Readers familiar with Howard Phillips Lovecraft will find many commonalities with Howard Doyle, patriarch of this clan. Doyle’s obsession with scientific racialism, and his verbal sparring with Noemí on the topic, are a different way of addressing Lovecraft’s prejudices than N. K. Jemisin did in The City We Became (2020). Where Jemisin’s characters mocked Lovecraft’s beliefs from the safe vantage point of Lovecraft being long dead, Noemí has to deal with a very real racist who in 1950s Mexico clings to ideas more suited to the 1890s. The tenseness of the encounter plays against the racial tensions of Mexican history as well as Lovecraft’s personal prejudices: Noemí is neither ashamed of her indigenous heritage, nor does she see herself as particularly defined by that. She is first and foremost a contemporary Mexican, and doesn’t care to be slotted into Doyle’s categories.

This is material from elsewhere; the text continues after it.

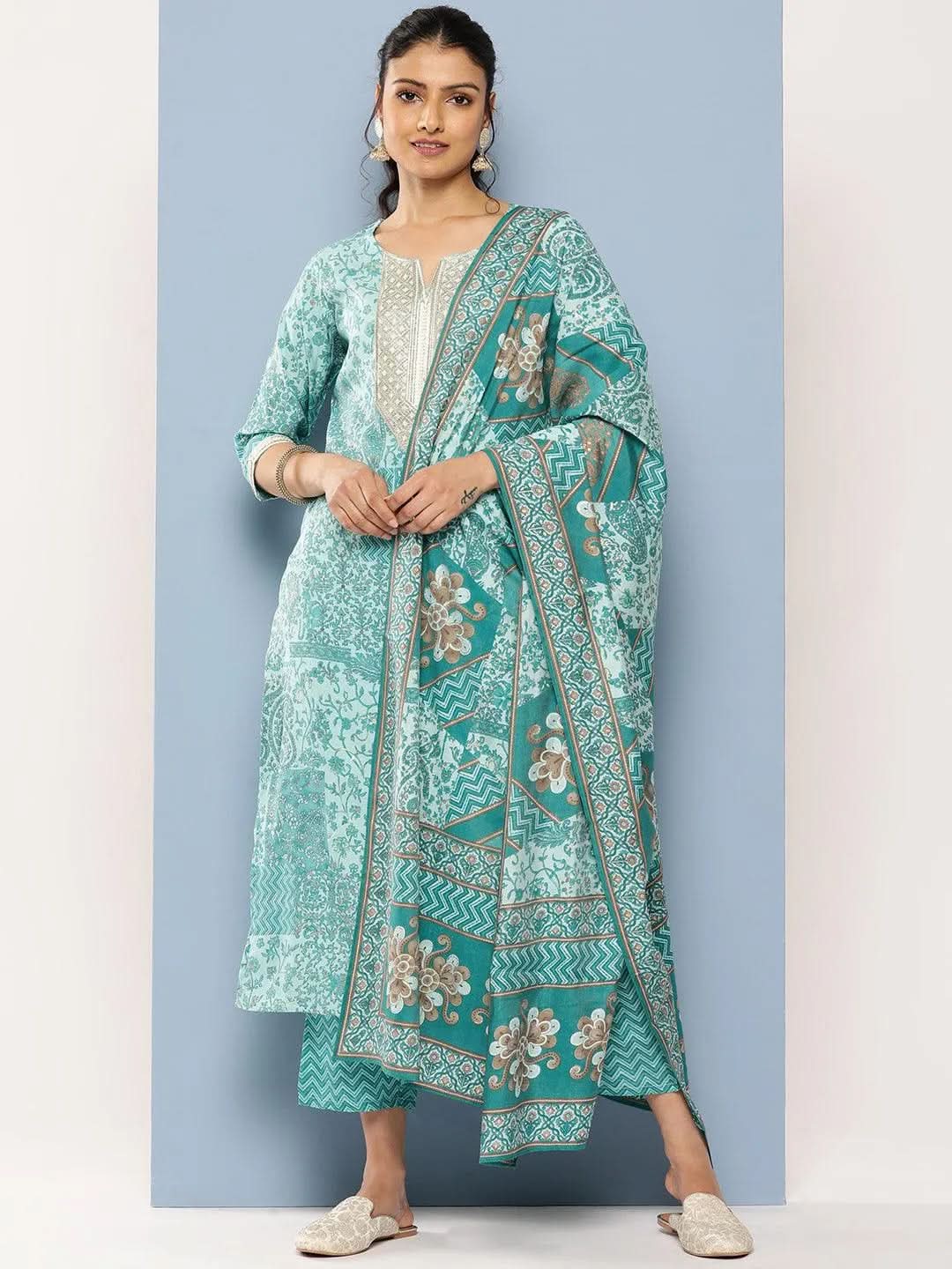 Our 3-piece blue printed silk blend suit set features a straight-fit floral print kurta with a notched neckline, three-quarter sleeves, and a statement yoke. Complemented with chevron print straight pants with a partially elasticated waistband and roomy pockets, and a dupatta in a matching print. Adorned with intricate embroidery delicate Gota Patti and sequins accents, this charming style is ideal for daytime festivities.

Which writer, living or dead, would you most like to meet? What would you like to discuss?
I think I’m obliged to say I’d like to reconstitute Lovecraft using his essential salts. I did my thesis work on him and feel in a strange way that I grew up with him. In a way, he was one of my best friends as an awkward kid growing up in Mexico City—which sounds bizarre, but it’s true. I don’t know, however, how the conversation might go. It would probably be very stilted. […] As for talking, I like to talk about books nobody knows about and old movies, so I’d probably show Lovecraft Get Out and Annihilation, and see what he thinks.
—Jared Jackson, The PEN Ten: An Interview with Silvia Moreno-Garcia (9 July 2020)

The slow build-up of the first two-thirds of the book gives way to a precipitously fast descent into hell in the last third. All the hints and suggestions planted lead to a genuinely and fantastically weird climax. The book is worth reading twice just to pick up on some of the care with which the first part of Mexican Gothic is built on, and without which the book as a whole would have fallen apart. Shades of “Arthur Jermyn” again in the final conflagration—but as with “The Fall of the House of Usher,” there’s a certain inevitability to it all. The House of Doyle was always a tinderbox, waiting to be ignited by any stray spark…and no one tells Noemí Taboada that she can’t smoke.


Bobby Derie is the author of Weird Talers: Essays on Robert E. Howard & Others (2019) and Sex and the Cthulhu Mythos (2014).

One thought on “Mexican Gothic (2020) by Silvia Moreno-Garcia

  1. Just finished Mexican Gothic today. Agree with your review. Other reviews say it starts too slowly. Not for me. Each and every breadcrumb (or should I say mushroom) was perfectly placed.